◆ PROBLEM:
Without any pictures, print exactly the lines that run from the start of the data through the line containing "Complete Engine Specifications".

◆ SUPPLIED DATA:
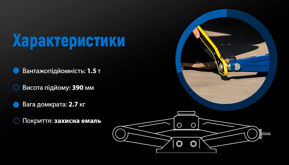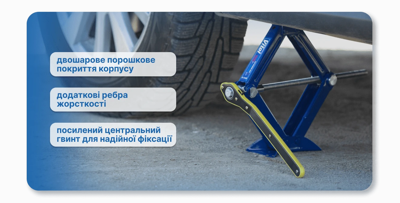 Будьте першим, хто залишив відгук на “Домкрат ромбоподібний VITOL DB-T10105B з тріщаткою 1,5 т, підйом 390 мм”
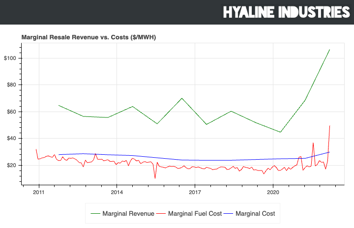 The second argument is built on the reality that coal is a very dirty, polluting fuel that imposes large operating costs. And this is true--compared to nearly every other available fuel, the costs of environmental mitigation of coal are exceptionally high. Unfortunately, that is a relative term. Here's a graph of the average marginal cost and revenue[1]:
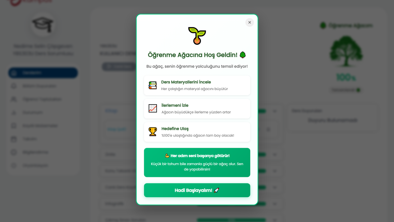 Açıköğretim Fakültesi Dekanı Prof. Dr. Aras Bozkurt’un önderliğinde geliştirilen Öğrenme Ağacı uygulaması, öğrencilerin ders materyallerini kullandıkça büyüyen bir ağaç metaforu üzerinden öğrenme ilerlemelerini görselleştiriyor. Böylece öğrenme süreci yalnızca sayısal bir yüzdeyle değil, gelişim ve emek kavramlarını temsil eden anlamlı bir metaforla ifade ediliyor.
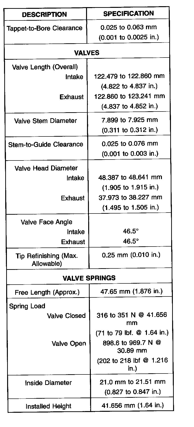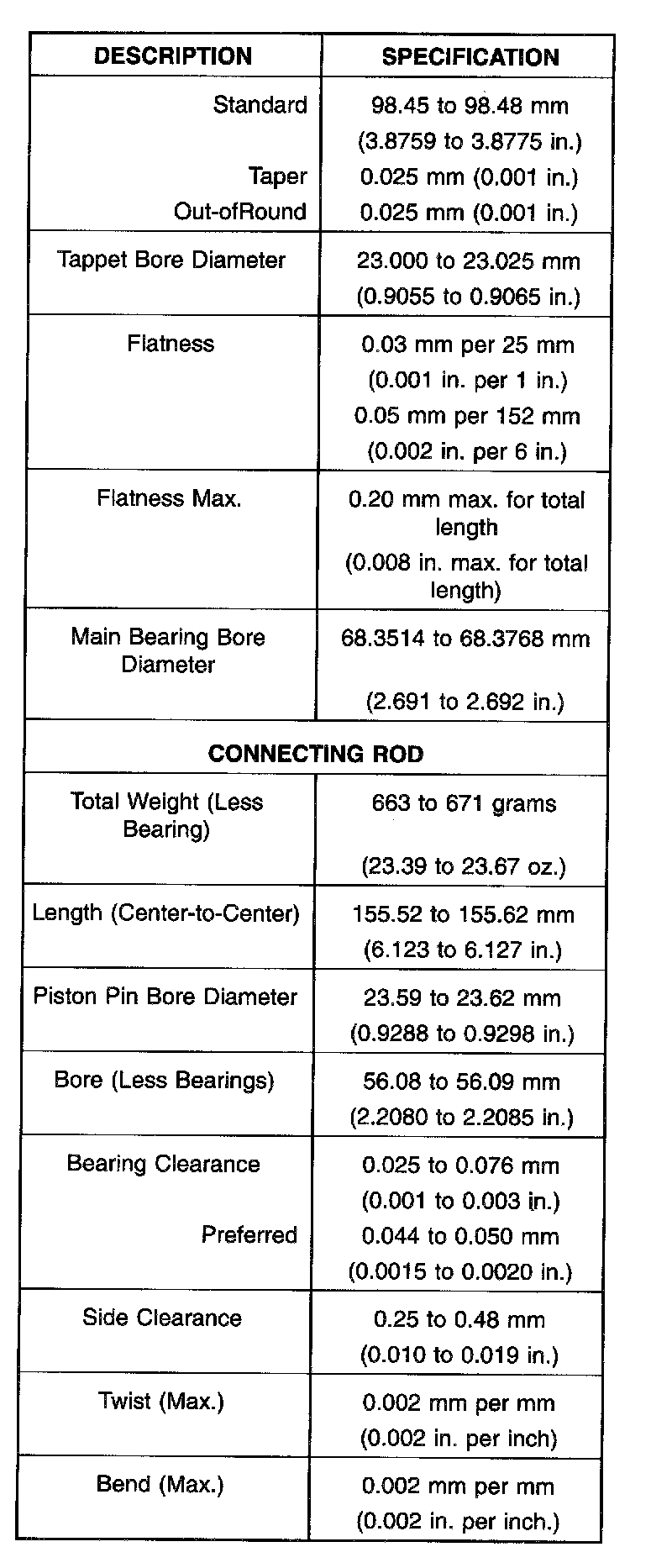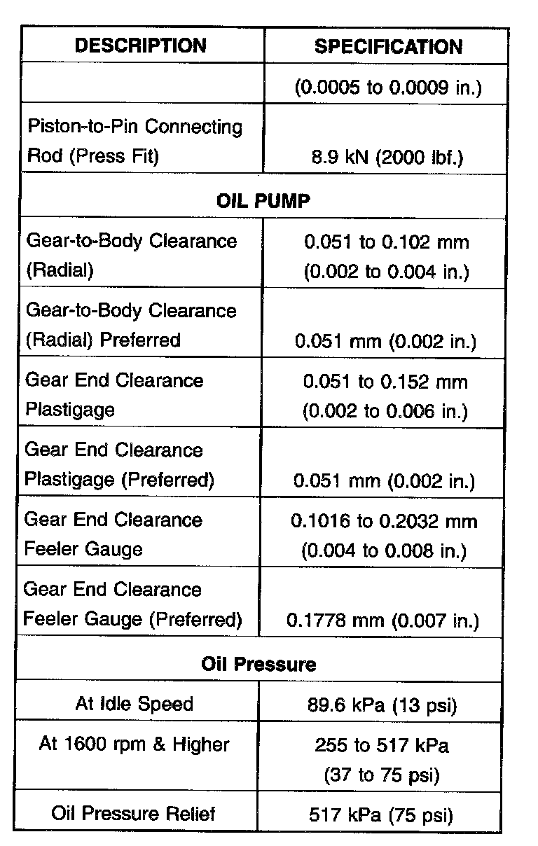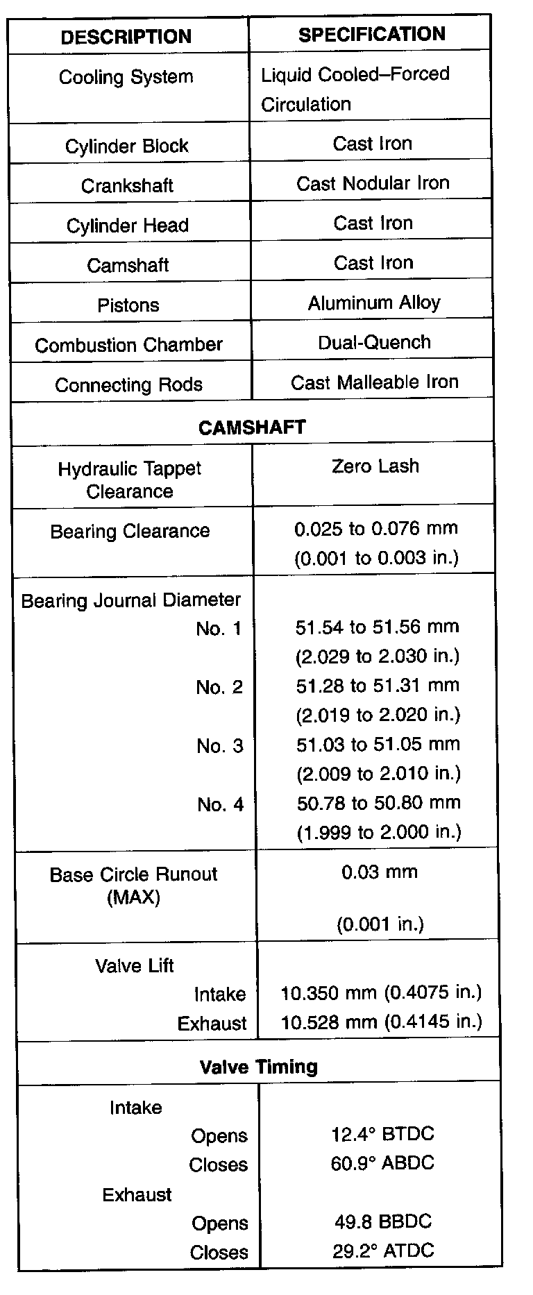 Complete Engine Specifications
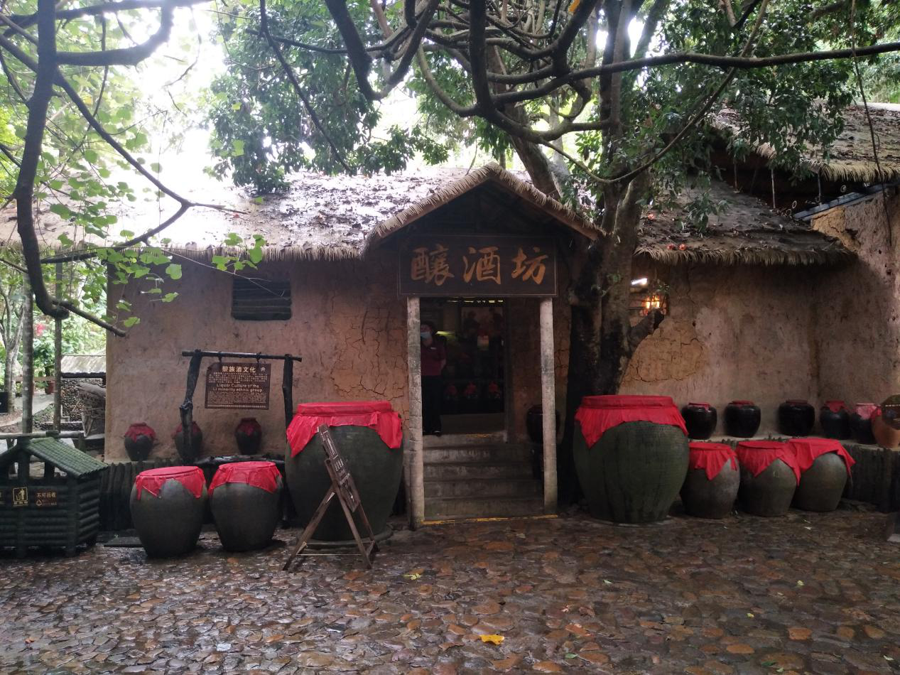 7月16日,实践团队参观了位于槟榔谷黎苗文化旅游区内的甘什村的山兰酒酿酒坊。在这里,我们不仅了解了传统黎族制作山兰酒的流程与所需器具,并品尝了景区内售卖的山兰酒,其味醇厚,风味口感尚佳。通过坊内陈列展品,可以看到,黎族传统山兰酒制作器具较为原始,效率不高,不能进行规模化生产,不利于当地人民获取更高经济效益。
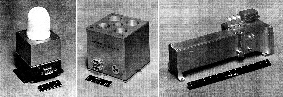 | Some of the instruments carried on board the 1968 probe. From left to right: An ion chamber dosimeter, a geiger tube spectrometer and the heavy ion experiment. Image: NASA |
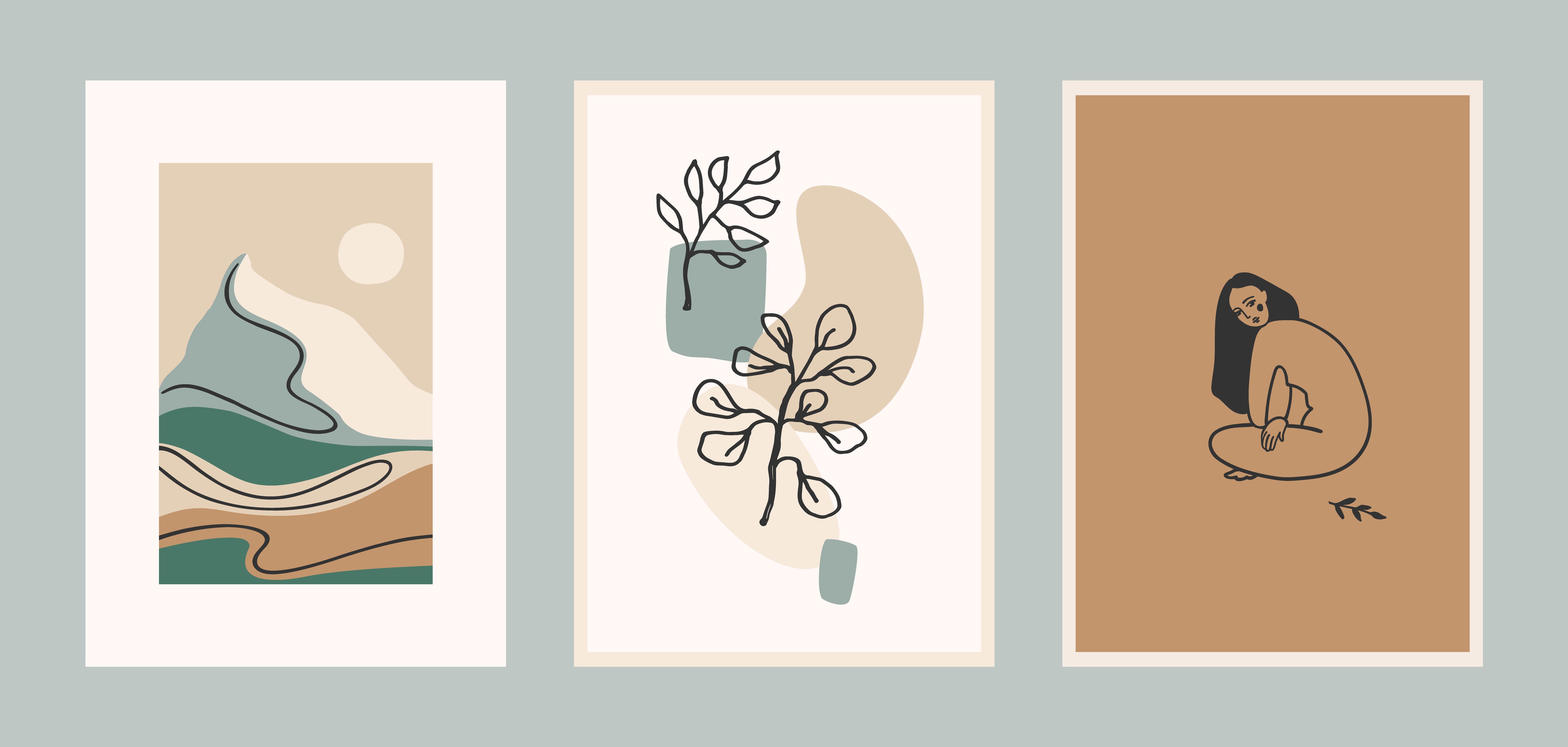 Delicate black linework branches unfold across soft sage and warm sand shapes, creating a balanced composition with subtle depth and organic movement. The muted palette and fluid contours bring a sense of calm refinement. You introduce effortless warmth and modern minimalism into your space with this serene botanical design.

◆ OUTPUT:
 Будьте першим, хто залишив відгук на “Домкрат ромбоподібний VITOL DB-T10105B з тріщаткою 1,5 т, підйом 390 мм”
 The second argument is built on the reality that coal is a very dirty, polluting fuel that imposes large operating costs. And this is true--compared to nearly every other available fuel, the costs of environmental mitigation of coal are exceptionally high. Unfortunately, that is a relative term. Here's a graph of the average marginal cost and revenue[1]:
 Açıköğretim Fakültesi Dekanı Prof. Dr. Aras Bozkurt’un önderliğinde geliştirilen Öğrenme Ağacı uygulaması, öğrencilerin ders materyallerini kullandıkça büyüyen bir ağaç metaforu üzerinden öğrenme ilerlemelerini görselleştiriyor. Böylece öğrenme süreci yalnızca sayısal bir yüzdeyle değil, gelişim ve emek kavramlarını temsil eden anlamlı bir metaforla ifade ediliyor.
 Complete Engine Specifications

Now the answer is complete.